Variant Triage (new disease layer)

Claude: triage_variant_3d(hgvs="BRCA1:c.181T>G")
tools/disease.py::triage_variant_3d
  ├─ clients/ensembl.py    HGVS → UniProt accession, residue position
  ├─ clients/alphafold.py  3-D structure → residue neighborhood
  ├─ clients/alphafold.py  AlphaMissense score for that variant
  ├─ clients/clinvar.py    ClinVar interpretation + review status
  ├─ clients/gnomad.py     Population allele frequency + constraint
  ├─ clients/opentargets.py  Disease-target evidence scores
  ├─ clients/mondo.py      Disease names, synonyms, ICD-10/11 cross-refs
  └─ domain/disease.py::VariantReport  ─── assembled structured report
       provenance footer: all upstream call IDs + timestamps + hashes

Disease Ontology Integration

Sources

Source What we use API
MONDO Unified disease IDs, cross-refs (ICD-10, OMIM, Orphanet, DOID) OLS4 REST + Monarch
HPO Phenotype terms, HPO-disease links, phenotype profiles HPO REST + OLS4
Open Targets Disease-target evidence, association scores, evidence types GraphQL
ClinVar Variant pathogenicity, clinical significance, review status NCBI E-utils
gnomAD Population allele frequencies, constraint scores, pext GraphQL
DisGeNET Gene-disease association scores, literature evidence REST
ICD-10/11 Clinical coding (billing, EHR integration) NLM API
Orphanet Rare-disease-specific data, prevalence OLS4
MeSH Literature indexing, disease hierarchy NCBI E-utils
OMIM Mendelian disease genetics (API key required) REST

Common-Disease Coverage

The get_common_disease_targets tool profiles protein targets across all major ICD-10 disease chapters, with curated prevalence tiers:

ICD chapter Representative conditions MONDO root
I — Circulatory MI, stroke, HF, AFib, hypertension MONDO:0004995
II — Neoplasms Top-10 cancers by incidence MONDO:0045024
III — Blood Leukaemia, lymphoma, anaemia MONDO:0005570
IV — Endocrine T1DM, T2DM, thyroid disease MONDO:0005002
V — Mental Depression, schizophrenia, bipolar MONDO:0005084
VI — Neurological AD, PD, ALS, MS, epilepsy MONDO:0005071
X — Respiratory COPD, asthma, IPF, TB MONDO:0005087
XI — Digestive IBD, NASH, CRC MONDO:0004335
XIII — Musculoskeletal RA, OA, SLE MONDO:0007147
I (infectious) HIV, COVID-19, malaria, TB MONDO:0005550

Caching Architecture

Request
  ├─ L1: Python LRU dict (in-process, TTL 10 min)
  ├─ L2: On-disk SHA-256 content store (persistent, no TTL)
  ├─ L3: Redis (optional, for multi-instance deployments)
  └─ L4: Air-gap bundle (signed snapshot for offline mode)

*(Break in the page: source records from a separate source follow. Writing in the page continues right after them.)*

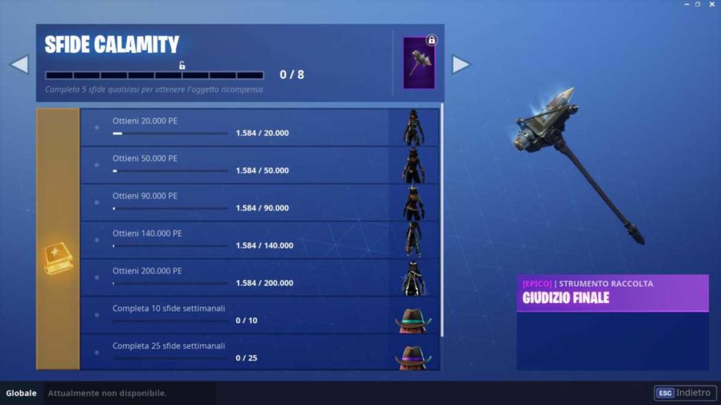 Le sfide Calamity sono una serie di sfide comparse all’interno di Fortnite insieme al nuovo Pass Battaglia. Queste sfide permettono al giocatore di ottenere ulteriori oggetti di abbigliamento e stili per le proprie skin completando compiti come l’ottenimento di determinati valori di punti esperienza o il completamento di un dato numero di sfide settimanali.
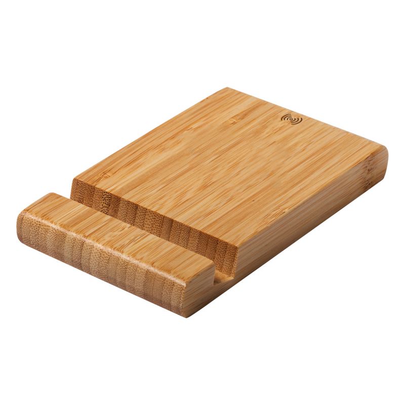 Bamboo desk mobile holder with built-in wireless charger (15W). Including USB charger cable.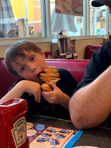 Decent food, prices and yummy shakes! We like the ketchup smiley faces and the singing /dancing that the servers do. I usually come with my young kids. :)

Cache keys are always the SHA-256 of (upstream_url, canonical_params). This means any two calls with identical parameters return the same bytes, always — enabling deterministic audit replay.


Security Architecture

See docs/THREAT_MODEL.md for the full STRIDE analysis.

Key controls:

  • Outbound allowlist — in air-gap mode (ALPHAFOLD_OFFLINE=1), all egress is blocked at the clients/_base.py layer before a socket is opened.
  • Sequence-of-concern screeningsecurity/screening.py runs before any deep enrichment of a submitted protein sequence.
  • Audit log — every tool invocation is recorded in the tool_invocations table with SHA-256 hashes of inputs and outputs and a UTC timestamp. The log is append-only at the SQLite layer; cryptographic signing of audit records is a tracked work item (not yet implemented in the shipped codebase).

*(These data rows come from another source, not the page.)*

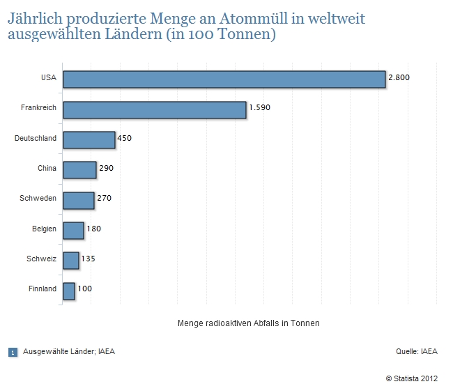 - Jährlich produzierte Menge an Atommüll in weltweit ausgewählten Ländern (in 100 Tonnen)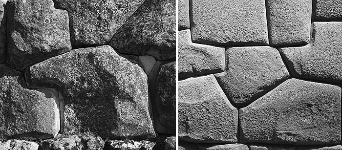 Многотонные блоки самой разнообразной причудливой формы тщательнейшим образом подогнаны друг другу по всей толщине стен (что хорошо просматривалось в местах разрушений). Внешняя сторона оставлена не выровненной, но при этом у каждого блока по периметру стыков снята небольшая фаска. Ближайший аналог – мегалитическая полигональная кладка в Куско, древней столице инкской империи.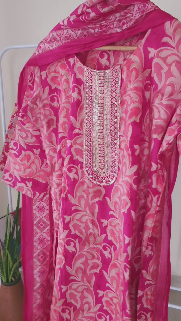 Ethnic Motifs Printed Pure Muslin Slitted Kurta With Trousers & Dupatta
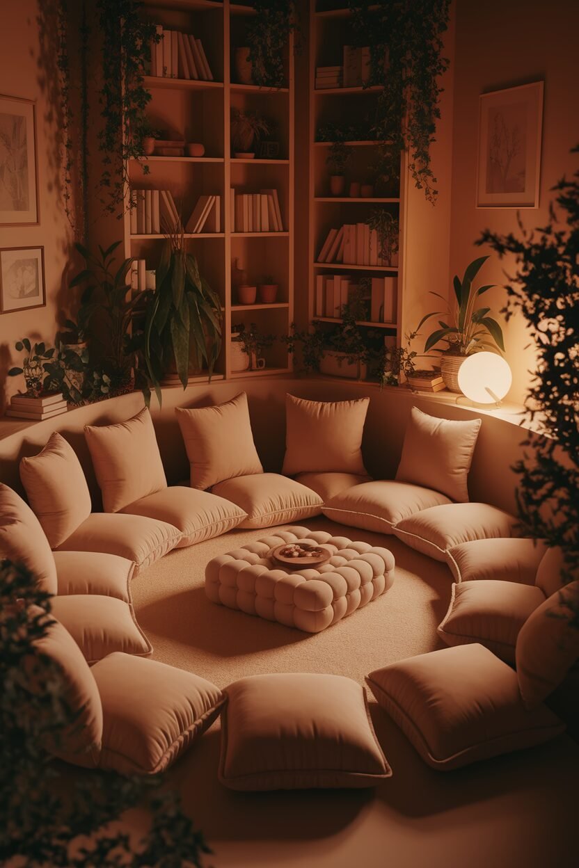 A cozy corner filled with floor cushions can be a fun and laid-back seating area. It’s perfect for informal gatherings or just lounging around.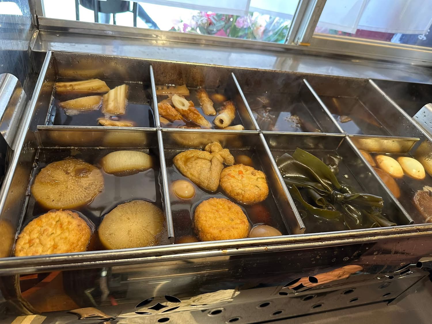 看板メニューは、出汁の染みたアツアツの「おでん」と、

Items on the roadmap but not yet implemented in the shipped codebase, listed here so the boundary is clear:

  • OAuth 2.1 + PKCE on the HTTP transport (the stdio transport, which is what claude-desktop uses, has no separate auth — the client process owns its capabilities).
  • A FIPS 140-3 build that switches cryptography to the OpenSSL FIPS provider.